Golly gee, my life sure does take a toll on me sometimes. It's not like it was a particular stressful weekend, but it was full of getting ready for the dance performance (I'm on the Champlain College dance team). It was fine, but I didn't really want to perform for everyone, especially because I wasn't really into it, but that's a conversation for another day. Regardless, it took away from my meditation and that's upsetting!
day 13 (Thursday, April 7th): I didn't really "meditate" this day. What I mean by that is I didn't actually sit down in the meditative posture on my bed or wherever and consciously meditate for a good amount of time (like 5 to 10 minutes). Instead I just spent 1 minute in class (because we do this everyday in my Cognitive Psych class) to mindfully be present, which is basically what I do when I meditate for myself anyway. It was nice, very refreshing, but not really how I like to meditate. The lights are too bright, but I wasn't too hyped up but also not too aggravated (about who knows what), so I found myself able to slip right into a nice relaxing place. It was sweet because I don't really enjoy that class, plus everyone needs a moment to gather themselves!
day 14 (Friday, April 8th): The reason I didn't blog for this day was because I didn't get to meditate until around midnight anyway, so it just felt too late (and I was way tired) to even type on my computer. At least I meditated, though! It was really just me sitting on my boyfriends bed. I pictured the pond again, but this time found myself slipping into a very present state of feeling my entire body calm at once. It was as if the calmness was inside my brain and my brain was moving together. As if my neurons were all breathing and sending synapse at such a low frequency (and yet -- it must have been high because of the level of concentration I needed to do something like this) that everything in the rest of my body breathed and moved and worked all together in a beautiful symphony. I know, that's pretty poetic. You're welcome.
day 15 (Sunday, April 9th): Yes, yes. I missed Saturday, but I decided to go out with my friends instead, and it was a good idea. I had so much fun! Sometimes it's okay to skip a day so you have fun doing something else. On Sunday I meditated as I was trying to sleep. I laid on my back, eyes closed, palms up, and mind clear. I just breathed, hoping it would calm me down enough to find a comfortable spot to fall asleep. It did calm me down, but I didn't get to the full experience I've felt before. That's okay though (and I didn't fall asleep until 30 minutes later).

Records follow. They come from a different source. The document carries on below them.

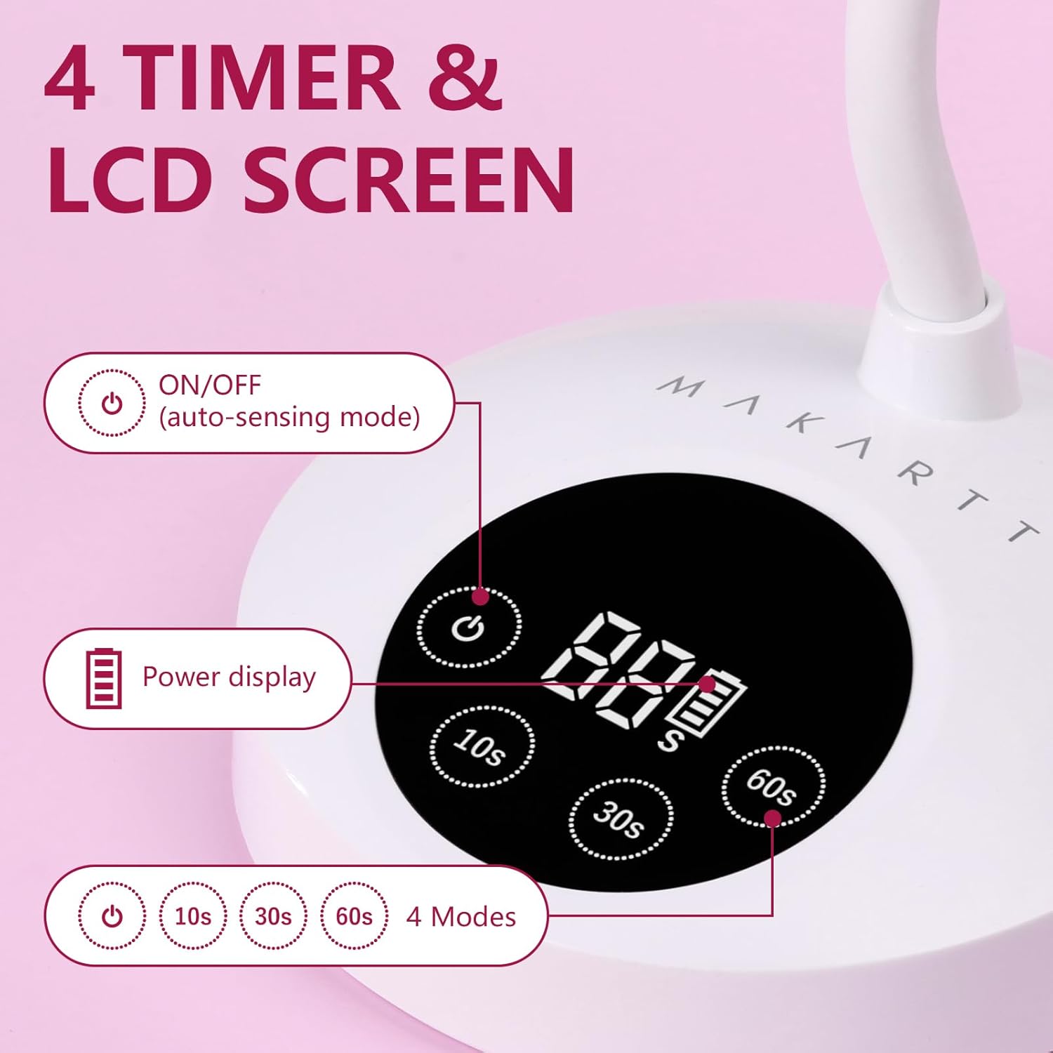 Makartt Oplaadbare uv-nagellamp, led-gelnagellampen, draadloze 10W nageldroger, uv-lampen voor gelnagels, gelnagellakdroger met automatische sensor, 4 timers, snelle nageluithardende lampen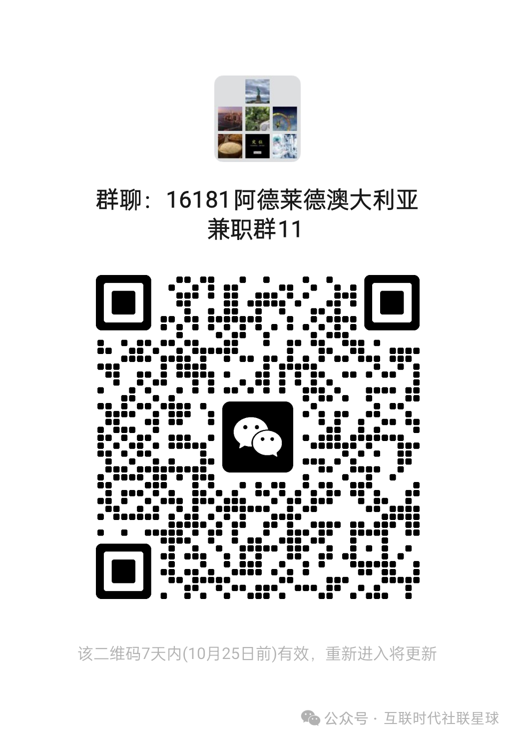 ![]() 欢迎加入澳大利亚兼职群! 本群旨在为在澳大利亚的朋友们提供丰富多样的兼职信息和交流平台。无论你是留学生想赚取生活费、背包客想体验当地生活,还是本地居民希望增加收入,这个群都能满足你的需求。 在这里,你可以: 一、获取兼职信息 1. 涵盖各个行业领域,包括餐饮服务、零售销售、教育辅导、翻译工作、物流配送等。无论你的专业技能是什么,都有机会找到适合自己的兼职岗位。 2. 信息来源广泛,有正规企业发布的招聘信息,也有小型商家的紧急用人需求。 二、交流兼职经验 1. 与其他群成员分享你的兼职经历,包括面试技巧、工作心得、遇到的问题及解决方法等。大家可以互相学习,共同进步。 2. 了解不同行业的兼职特点和要求,为自己的职业发展提供参考。 三、拓展人脉资源 1. 结识来自不同背景的朋友,扩大自己的社交圈子。在兼职过程中,你可能会遇到志同道合的人,为未来的发展创造更多机会。 2. 与雇主和其他求职者建立联系,增加自己的就业机会。 加入我们,开启你的澳大利亚兼职之旅吧!让我们一起努力,实现自己的目标! |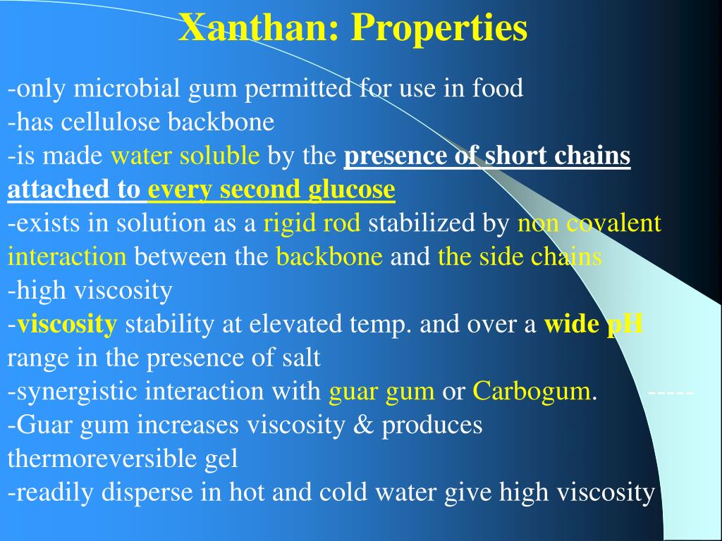 Xanthan: Properties -only microbial gum permitted for use in food -has cellulose backbone -is made water soluble by the presence of short chains attached to every second glucose -exists in solution as a rigid rod stabilized by non covalent interaction between the backbone and the side chains -high viscosity -viscosity stability at elevated temp. and over a wide pH range in the presence of salt -synergistic interaction with guar gum or Carbogum. ------Guar gum increases viscosity & produces thermoreversible gel -readily disperse in hot and cold water give high viscosity

day 16 (Monday, today!): I just meditated. Probably about 10 minutes ago. It wasn't for long, but to be honest, I don't really feel comfortable meditating in my room when my roommate is here. I'm not entirely sure, but that's okay. Soon I'll have my meditation spot in my own room where I can sit in peace and meditate till the day is done. Anyway, it was still a pretty nice meditation. I found myself thinking about writing this blog, though, and all the work I have to do. There were a few moments where I wasn't thinking about anything, but those thoughts mostly slipped in at any moment they found me vulnerable. I think that just means I should amp up my game and practice meditation even more (including timing myself so I can learn how to meditate for a long time). I think it also helped me realize just how much I think about the future. I wish I was more able to spend time in the moment, but that's why I'm trying to understand and cultivate mindful meditation in everyday life. Lately I've been doing it while walking. In fact, the other day I did it while me and my boyfriend were having sex (and believe me, ladies, if you learn to practice mindfulness and use it in the bedroom to focus on everything you feel in the now, you will not ever regret it *wink*). On that note, I think I'll retire for the night. Namaste!